ループ番号８０１は、コンパイラ内でループを識別するための番号である。親ループ８０２は、対象ループを取り囲む外側ループのうち最も内側のループのループ番号である。対象ループが最も外側のループの場合、「なし」が登録される。子ループ８０３は、対象ループの内側ループのうち最も外側のループのループ番号である。対象ループが最も内側のループの場合、「なし」が登録される。制御変数８０４は、対象ループの繰り返しを制御するループ制御変数である。初期値８０５、終値８０６、増分値８０７は、それぞれ、制御変数８０４の初期値、終値、繰り返しごとの増分である。ループ長８０８は、ループの繰り返し回数である。ループ長は、ループ制御変数の初期値、終値、増分値から求められる。 The loop number 801 is a number for identifying a loop in the compiler. The parent loop 802 is the loop number of the innermost loop among the outer loops surrounding the target loop. If the target loop is the outermost loop, “none” is registered. The child loop 803 is the loop number of the outermost loop among the inner loops of the target loop.

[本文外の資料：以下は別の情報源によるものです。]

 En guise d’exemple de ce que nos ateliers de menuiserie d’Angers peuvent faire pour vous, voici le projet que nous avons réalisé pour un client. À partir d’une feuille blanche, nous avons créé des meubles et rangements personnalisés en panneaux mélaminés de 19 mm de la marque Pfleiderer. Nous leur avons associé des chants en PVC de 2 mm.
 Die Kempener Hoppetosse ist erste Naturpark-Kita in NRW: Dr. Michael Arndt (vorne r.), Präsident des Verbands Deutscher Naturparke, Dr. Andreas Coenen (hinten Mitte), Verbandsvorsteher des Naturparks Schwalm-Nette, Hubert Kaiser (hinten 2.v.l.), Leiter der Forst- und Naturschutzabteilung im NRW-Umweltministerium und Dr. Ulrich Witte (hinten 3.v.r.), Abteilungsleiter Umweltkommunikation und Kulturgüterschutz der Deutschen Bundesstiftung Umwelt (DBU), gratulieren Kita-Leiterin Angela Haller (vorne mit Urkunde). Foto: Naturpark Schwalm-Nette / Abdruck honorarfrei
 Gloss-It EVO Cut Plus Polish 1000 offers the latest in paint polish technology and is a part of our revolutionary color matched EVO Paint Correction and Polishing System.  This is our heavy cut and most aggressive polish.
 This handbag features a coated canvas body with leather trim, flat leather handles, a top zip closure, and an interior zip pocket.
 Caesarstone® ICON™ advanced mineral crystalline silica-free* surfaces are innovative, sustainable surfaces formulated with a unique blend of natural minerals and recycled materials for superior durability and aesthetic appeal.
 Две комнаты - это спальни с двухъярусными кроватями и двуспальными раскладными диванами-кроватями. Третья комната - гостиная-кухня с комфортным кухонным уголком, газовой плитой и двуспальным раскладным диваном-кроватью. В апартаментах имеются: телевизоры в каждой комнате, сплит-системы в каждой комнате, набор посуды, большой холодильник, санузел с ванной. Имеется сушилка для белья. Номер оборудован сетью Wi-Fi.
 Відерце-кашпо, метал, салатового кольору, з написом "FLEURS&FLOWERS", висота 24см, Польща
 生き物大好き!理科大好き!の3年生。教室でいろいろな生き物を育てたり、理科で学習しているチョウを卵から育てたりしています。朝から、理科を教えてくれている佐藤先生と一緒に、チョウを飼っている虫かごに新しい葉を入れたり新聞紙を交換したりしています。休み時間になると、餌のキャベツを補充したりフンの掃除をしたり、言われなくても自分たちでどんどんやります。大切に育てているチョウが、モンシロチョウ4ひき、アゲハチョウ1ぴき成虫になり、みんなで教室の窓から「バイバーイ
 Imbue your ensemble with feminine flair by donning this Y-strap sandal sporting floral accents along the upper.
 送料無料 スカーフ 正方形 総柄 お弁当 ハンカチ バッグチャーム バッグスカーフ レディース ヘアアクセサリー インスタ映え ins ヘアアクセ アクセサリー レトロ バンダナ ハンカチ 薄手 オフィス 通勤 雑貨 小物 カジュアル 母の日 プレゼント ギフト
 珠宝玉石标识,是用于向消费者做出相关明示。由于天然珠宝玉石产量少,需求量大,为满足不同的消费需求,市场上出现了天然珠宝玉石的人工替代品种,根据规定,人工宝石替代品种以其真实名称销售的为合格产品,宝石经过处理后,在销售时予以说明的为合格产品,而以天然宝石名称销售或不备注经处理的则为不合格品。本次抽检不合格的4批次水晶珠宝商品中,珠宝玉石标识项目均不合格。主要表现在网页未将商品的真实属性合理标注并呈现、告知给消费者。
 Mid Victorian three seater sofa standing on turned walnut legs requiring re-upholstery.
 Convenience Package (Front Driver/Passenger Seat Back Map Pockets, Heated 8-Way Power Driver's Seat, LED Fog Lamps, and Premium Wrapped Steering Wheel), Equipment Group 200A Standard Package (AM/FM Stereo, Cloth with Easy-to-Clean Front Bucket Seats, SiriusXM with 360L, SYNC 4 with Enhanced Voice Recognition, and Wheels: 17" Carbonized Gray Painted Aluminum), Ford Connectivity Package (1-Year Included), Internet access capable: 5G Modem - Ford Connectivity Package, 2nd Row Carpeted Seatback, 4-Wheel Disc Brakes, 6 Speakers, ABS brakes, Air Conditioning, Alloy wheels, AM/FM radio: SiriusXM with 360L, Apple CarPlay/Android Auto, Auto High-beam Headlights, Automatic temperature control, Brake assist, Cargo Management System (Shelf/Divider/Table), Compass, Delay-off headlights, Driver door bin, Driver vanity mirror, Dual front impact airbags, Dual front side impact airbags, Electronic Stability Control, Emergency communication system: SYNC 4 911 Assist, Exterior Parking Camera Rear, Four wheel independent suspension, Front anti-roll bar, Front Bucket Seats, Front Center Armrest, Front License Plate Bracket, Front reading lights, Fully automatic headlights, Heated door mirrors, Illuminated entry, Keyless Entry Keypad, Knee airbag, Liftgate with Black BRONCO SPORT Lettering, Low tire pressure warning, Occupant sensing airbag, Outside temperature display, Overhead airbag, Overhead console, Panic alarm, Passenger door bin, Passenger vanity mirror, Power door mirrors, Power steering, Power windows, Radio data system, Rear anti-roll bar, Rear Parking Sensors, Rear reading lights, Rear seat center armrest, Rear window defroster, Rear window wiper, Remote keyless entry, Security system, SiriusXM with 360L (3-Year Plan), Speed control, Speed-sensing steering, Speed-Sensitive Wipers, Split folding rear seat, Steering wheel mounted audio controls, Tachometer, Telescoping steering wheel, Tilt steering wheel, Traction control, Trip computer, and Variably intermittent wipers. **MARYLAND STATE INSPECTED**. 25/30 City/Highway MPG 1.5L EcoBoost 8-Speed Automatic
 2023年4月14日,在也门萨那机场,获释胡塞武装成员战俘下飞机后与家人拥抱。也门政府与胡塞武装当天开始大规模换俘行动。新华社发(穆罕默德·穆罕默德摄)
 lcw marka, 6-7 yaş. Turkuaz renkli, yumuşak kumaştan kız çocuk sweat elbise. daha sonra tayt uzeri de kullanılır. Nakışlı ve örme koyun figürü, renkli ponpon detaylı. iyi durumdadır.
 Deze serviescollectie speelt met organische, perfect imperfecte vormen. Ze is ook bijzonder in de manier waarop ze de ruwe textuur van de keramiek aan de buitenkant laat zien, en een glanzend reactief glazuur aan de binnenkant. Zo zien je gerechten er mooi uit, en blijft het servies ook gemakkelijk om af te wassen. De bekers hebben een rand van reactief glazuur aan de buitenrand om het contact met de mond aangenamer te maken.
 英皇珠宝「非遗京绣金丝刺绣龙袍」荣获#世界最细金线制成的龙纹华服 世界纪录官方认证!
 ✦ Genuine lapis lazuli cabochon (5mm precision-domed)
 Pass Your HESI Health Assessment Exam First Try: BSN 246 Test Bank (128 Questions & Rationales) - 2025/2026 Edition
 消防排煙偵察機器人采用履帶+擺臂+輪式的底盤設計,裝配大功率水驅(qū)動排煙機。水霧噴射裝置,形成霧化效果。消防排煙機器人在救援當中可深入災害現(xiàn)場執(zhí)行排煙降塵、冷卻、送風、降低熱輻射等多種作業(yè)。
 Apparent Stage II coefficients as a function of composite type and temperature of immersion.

If the target loop is the innermost loop, “none” is registered. The control variable 804 is a loop control variable that controls repetition of the target loop. An initial value 805, a final value 806, and an increment value 807 are an initial value, a final value, and an increment for each repetition of the control variable 804, respectively. The loop length 808 is the number of loop repetitions. The loop length is obtained from the initial value, the end value, and the increment value of the loop control variable.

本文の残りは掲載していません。